Dataset extract START

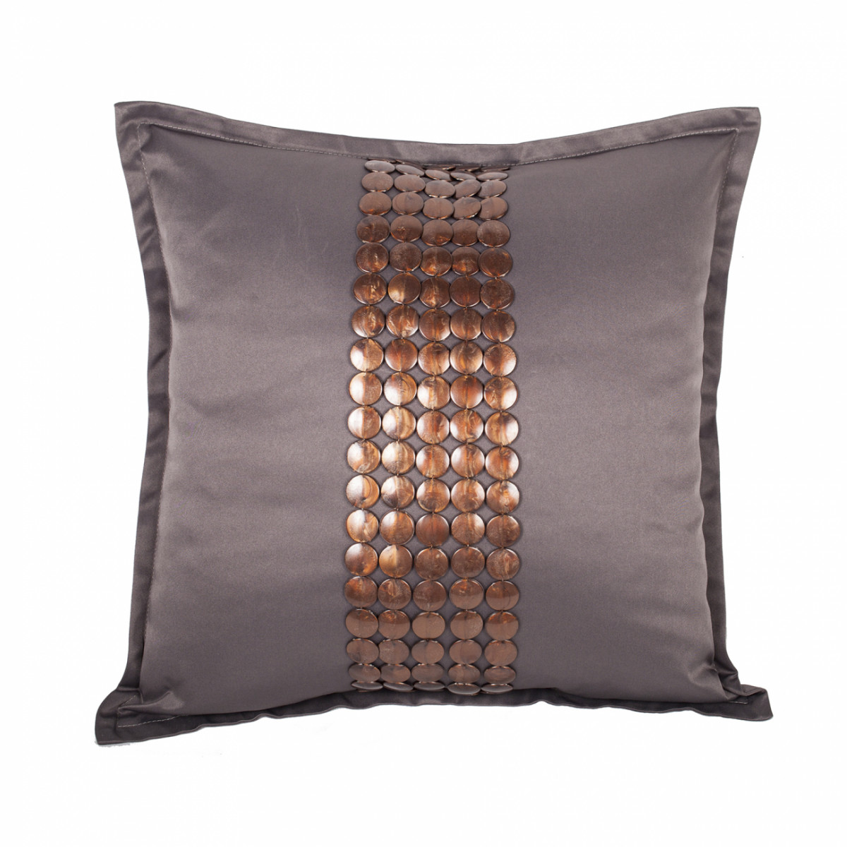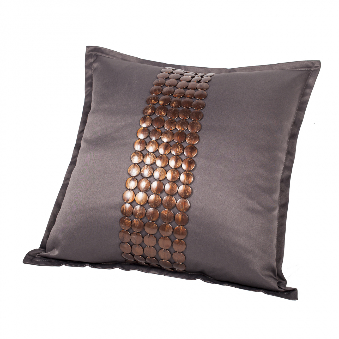 Декоративные подушки способны на все. Этот предмет сумеет дополнить любой интерьер. И наполнит уютом. Подушки могут добавить солидности помещению, или, наоборот, расположить к неформальной обстановке. Все дело в деталях. Подушка Handwork Exclusive выполнена из темно-серого сатина и декорирована вручную. Посредине располагается 5 рядов пластиковых клепок насыщенного цвета. Густой цвет ткани и переливчатость декора выглядят роскошно. Такая подушка наполнит дом сиянием и блеском.
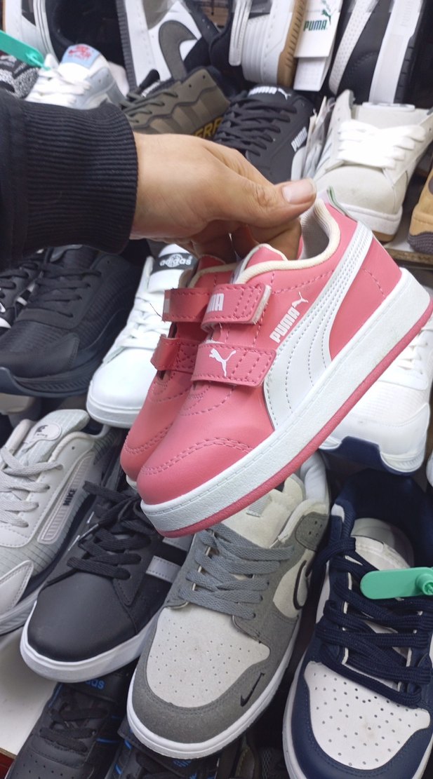Kız çocukları için pembe Puma spor ayakkabı, renkli desenli ve cırt cırtlı bantlı, kauçuk tabanlı sokak stili ayakkabı.
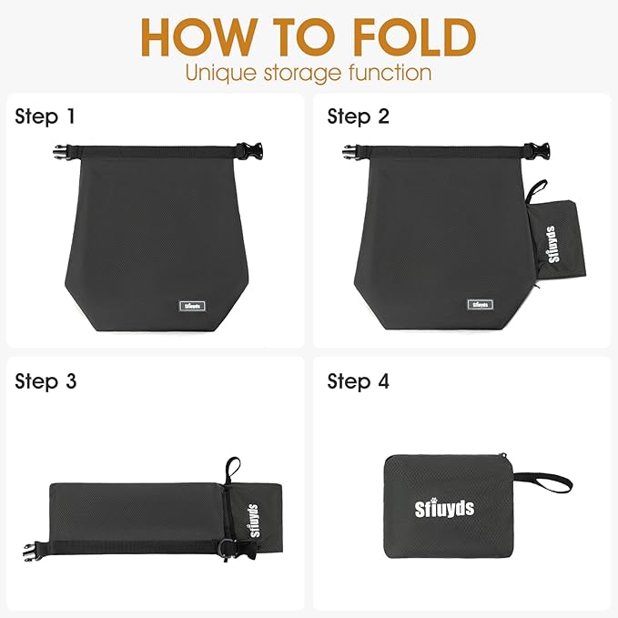 - SECURE ROLL-TOP CLOSURE - The innovative roll-top design allows you to securely close the bag by rolling it down and buckling it in place, providing a tight seal that keeps the contents protected. The strong buckle and attached D-ring offer added convenience, allowing you to clip on accessories such as leashes, keys, or tags, ensuring everything you need is within easy reach

Dataset extract END

→ What the task asks
All text in the material above must be written out exactly; the images are to be skipped.

→ Written solution
 Декоративные подушки способны на все. Этот предмет сумеет дополнить любой интерьер. И наполнит уютом. Подушки могут добавить солидности помещению, или, наоборот, расположить к неформальной обстановке. Все дело в деталях. Подушка Handwork Exclusive выполнена из темно-серого сатина и декорирована вручную. Посредине располагается 5 рядов пластиковых клепок насыщенного цвета. Густой цвет ткани и переливчатость декора выглядят роскошно. Такая подушка наполнит дом сиянием и блеском.
Kız çocukları için pembe Puma spor ayakkabı, renkli desenli ve cırt cırtlı bantlı, kauçuk tabanlı sokak stili ayakkabı.
 - SECURE ROLL-TOP CLOSURE - The innovative roll-top design allows you to securely close the bag by rolling it down and buckling it in place, providing a tight seal that keeps the contents protected. The strong buckle and attached D-ring offer added convenience, allowing you to clip on accessories such as leashes, keys, or tags, ensuring everything you need is within easy reach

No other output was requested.